Bandsaw can be used to create distributed python scripts, that define workflows in heterogeneous environments and with conflicting dependencies. It is especially meant for building complex machine learning processes, that use different machine learning frameworks like tensorflow or pytorch in a single workflow, or need to run on multiple different computation platforms, e.g. in different regions due to data restrictions.

How it works

This works by decorating python functions with the bandsaw @task decorator:

import bandsaw

...

@bandsaw.task
def my_function(x):
    return x

This decorator gives bandsaw the opportunity to run additional code before and after the code within my_function(x) is executed. This additional code is defined in classes that fulfill the Advice protocol.

When this decorated function is called, bandsaw intercepts the call first and runs the before() methods of the configured Advices. Then the wrapped function is computed and afterwards each advice's after() method is called.

Diagram of an advised task

All callback functions receive a Session object as single argument, which is used for continuing the execution by calling its proceed() method. Advices have the possibility to conclude() this early by providing a Result on their own. This shortcuts the computation and can be used for caching results. Additionally, the session can be serialized and transferred to other python processes even on other machines using its save(stream) and restore(stream) methods.

A full explanation of this can be found in the latest user guide.

Develop

Bandsaw uses tox to build and test the library. Tox runs all tests on different python versions, can generate the documentation and run linters and style checks to improve the code quality. In order to install all the necessary python modules, please run:

pip install tox

Afterwards the tests can be run by just calling

tox

from the project directory. For this to work, you need to have multiple python interpreters installed.
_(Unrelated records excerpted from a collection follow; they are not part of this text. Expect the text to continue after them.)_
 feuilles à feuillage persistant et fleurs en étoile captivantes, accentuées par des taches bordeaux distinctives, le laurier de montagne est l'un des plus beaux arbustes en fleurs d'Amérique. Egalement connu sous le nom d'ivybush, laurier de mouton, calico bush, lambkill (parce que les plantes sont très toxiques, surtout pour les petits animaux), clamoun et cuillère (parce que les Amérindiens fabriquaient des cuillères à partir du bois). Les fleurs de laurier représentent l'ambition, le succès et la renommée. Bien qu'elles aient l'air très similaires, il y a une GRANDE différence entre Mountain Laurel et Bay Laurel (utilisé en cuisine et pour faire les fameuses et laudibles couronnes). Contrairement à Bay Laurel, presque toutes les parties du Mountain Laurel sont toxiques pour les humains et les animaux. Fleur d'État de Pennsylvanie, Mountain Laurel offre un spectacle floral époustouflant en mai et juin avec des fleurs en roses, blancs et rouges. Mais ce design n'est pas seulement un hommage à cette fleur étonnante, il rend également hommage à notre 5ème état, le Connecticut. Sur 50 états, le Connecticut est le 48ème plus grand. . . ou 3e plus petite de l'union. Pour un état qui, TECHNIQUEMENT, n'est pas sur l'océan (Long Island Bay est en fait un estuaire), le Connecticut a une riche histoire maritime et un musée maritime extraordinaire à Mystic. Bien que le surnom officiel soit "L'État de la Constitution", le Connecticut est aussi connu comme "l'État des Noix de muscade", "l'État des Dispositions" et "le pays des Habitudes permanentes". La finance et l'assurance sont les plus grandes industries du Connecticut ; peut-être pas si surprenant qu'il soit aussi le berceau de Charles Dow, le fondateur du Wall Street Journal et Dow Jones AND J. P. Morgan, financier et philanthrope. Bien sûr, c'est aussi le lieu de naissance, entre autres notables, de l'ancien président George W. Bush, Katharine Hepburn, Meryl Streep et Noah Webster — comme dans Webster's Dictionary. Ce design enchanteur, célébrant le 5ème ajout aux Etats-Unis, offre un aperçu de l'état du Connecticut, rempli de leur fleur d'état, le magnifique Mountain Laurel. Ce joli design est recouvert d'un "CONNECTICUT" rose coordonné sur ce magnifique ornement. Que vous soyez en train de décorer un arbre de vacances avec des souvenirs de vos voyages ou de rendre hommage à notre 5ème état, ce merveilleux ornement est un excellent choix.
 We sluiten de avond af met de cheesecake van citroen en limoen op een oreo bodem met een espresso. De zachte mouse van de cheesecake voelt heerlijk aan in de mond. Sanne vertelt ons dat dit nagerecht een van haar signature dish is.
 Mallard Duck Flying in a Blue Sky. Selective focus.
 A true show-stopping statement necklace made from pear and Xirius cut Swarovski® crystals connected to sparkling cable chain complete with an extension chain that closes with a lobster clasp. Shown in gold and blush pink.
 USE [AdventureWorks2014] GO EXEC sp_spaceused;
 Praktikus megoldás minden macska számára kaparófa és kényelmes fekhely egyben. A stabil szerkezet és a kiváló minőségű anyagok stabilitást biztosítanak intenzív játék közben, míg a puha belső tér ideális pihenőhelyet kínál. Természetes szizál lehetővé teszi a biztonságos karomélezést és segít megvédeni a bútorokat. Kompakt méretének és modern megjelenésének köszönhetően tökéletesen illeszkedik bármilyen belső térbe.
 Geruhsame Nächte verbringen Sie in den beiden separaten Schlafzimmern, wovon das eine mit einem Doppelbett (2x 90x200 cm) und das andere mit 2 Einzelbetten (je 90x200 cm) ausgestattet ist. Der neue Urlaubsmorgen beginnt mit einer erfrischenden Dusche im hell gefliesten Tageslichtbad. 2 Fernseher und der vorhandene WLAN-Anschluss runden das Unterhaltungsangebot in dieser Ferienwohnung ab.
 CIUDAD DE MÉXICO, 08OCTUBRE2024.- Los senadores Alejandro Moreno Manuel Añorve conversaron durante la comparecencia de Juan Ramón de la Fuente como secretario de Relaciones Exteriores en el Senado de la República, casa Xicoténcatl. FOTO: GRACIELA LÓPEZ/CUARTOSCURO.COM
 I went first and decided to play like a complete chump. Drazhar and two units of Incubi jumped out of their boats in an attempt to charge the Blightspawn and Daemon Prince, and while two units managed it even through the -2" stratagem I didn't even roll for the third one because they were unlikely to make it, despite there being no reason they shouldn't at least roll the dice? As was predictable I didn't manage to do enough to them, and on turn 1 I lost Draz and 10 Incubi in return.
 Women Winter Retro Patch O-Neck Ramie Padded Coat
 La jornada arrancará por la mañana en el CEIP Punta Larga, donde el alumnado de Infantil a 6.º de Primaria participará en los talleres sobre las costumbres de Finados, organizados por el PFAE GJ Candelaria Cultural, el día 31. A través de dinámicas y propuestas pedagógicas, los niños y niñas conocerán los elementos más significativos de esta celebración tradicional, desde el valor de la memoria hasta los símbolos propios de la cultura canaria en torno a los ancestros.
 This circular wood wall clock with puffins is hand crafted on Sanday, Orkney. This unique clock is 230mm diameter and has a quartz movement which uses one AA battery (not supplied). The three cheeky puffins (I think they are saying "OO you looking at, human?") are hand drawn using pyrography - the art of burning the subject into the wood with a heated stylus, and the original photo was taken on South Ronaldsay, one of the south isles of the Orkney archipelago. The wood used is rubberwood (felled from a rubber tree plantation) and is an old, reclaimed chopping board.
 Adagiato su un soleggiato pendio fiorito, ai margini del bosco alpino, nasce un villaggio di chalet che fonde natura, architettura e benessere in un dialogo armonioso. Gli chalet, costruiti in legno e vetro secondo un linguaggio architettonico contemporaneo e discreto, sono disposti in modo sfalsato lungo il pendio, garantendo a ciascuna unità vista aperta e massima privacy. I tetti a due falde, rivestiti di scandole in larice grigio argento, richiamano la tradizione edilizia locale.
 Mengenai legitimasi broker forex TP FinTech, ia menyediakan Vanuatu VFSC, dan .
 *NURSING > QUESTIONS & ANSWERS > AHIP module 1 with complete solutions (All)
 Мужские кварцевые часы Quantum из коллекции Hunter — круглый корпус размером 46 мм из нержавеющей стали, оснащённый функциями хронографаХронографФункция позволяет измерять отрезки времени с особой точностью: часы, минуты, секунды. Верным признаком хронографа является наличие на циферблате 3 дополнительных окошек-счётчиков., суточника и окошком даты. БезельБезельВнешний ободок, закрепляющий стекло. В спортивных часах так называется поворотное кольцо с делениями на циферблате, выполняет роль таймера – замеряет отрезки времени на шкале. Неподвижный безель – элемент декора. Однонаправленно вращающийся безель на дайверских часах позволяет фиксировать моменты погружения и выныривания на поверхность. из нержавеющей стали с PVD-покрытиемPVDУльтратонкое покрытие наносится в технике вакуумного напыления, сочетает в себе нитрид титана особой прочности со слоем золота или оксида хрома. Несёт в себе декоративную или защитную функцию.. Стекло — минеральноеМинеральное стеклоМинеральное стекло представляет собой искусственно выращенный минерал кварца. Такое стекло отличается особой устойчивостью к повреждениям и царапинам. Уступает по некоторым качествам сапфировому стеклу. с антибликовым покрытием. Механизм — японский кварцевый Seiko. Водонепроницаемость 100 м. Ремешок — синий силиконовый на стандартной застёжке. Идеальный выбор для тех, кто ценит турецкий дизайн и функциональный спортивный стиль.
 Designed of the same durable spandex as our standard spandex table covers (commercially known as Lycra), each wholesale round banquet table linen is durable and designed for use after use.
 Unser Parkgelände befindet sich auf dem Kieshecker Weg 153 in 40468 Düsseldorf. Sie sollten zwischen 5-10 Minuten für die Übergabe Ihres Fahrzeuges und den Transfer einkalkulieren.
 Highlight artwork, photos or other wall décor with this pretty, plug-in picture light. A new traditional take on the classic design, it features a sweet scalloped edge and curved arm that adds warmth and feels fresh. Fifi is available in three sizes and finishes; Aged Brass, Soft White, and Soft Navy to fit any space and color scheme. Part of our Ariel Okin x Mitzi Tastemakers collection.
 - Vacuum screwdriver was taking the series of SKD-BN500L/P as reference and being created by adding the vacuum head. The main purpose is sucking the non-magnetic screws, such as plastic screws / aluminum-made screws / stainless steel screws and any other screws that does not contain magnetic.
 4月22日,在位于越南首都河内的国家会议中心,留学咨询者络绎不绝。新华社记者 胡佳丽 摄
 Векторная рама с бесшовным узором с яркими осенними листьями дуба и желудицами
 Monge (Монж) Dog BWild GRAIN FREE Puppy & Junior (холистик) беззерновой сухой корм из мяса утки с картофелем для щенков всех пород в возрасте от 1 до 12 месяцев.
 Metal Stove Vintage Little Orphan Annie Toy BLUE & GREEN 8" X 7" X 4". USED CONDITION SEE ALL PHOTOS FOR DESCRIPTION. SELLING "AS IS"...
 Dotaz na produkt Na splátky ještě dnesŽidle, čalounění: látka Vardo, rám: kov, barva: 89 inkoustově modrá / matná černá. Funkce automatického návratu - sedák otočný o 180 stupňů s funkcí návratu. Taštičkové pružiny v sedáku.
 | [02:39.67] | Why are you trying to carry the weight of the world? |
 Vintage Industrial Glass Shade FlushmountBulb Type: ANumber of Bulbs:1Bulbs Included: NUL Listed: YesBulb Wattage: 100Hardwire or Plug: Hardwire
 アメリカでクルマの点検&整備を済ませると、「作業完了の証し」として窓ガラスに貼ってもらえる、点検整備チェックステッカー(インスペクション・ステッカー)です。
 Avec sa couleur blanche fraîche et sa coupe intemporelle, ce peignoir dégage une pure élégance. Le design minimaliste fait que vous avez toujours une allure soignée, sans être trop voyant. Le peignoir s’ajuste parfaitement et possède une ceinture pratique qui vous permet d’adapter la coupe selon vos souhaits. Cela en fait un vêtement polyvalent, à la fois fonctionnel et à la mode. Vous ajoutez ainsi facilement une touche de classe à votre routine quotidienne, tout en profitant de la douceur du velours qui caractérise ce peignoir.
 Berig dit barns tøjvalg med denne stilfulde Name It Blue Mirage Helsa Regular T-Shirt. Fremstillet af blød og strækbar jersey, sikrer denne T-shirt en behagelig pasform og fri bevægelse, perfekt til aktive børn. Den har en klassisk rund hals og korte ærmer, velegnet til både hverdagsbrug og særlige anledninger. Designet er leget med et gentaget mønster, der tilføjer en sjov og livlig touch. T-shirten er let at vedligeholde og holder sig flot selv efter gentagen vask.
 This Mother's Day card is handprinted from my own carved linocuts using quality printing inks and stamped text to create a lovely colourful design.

If you don't want to run the tests on all supported platforms just edit the tox.ini file and set

envlist = py36,py37,py38

to contain only the python version you want to use. Another option is to run tox with the additional command line argument '--skip_missing_interpreters' which skips python versions that aren't installed.

Documentation

The latest version of the documentation can always be found under https://docs.kant.ai/bandsaw/latest. The documentation is written in Markdown and is located in the docs directory of the project. It can be built into static HTML by using MkDocs. In order to manually generate the documentation we can use tox to build the HTML pages from our markdown.

tox -e docs

Release

Releasing a new package version

Releasing new versions of bandsaw is done using flit.

pip install flit

In order to be able to publish a new release, you need an account with PyPI or their respective test environment.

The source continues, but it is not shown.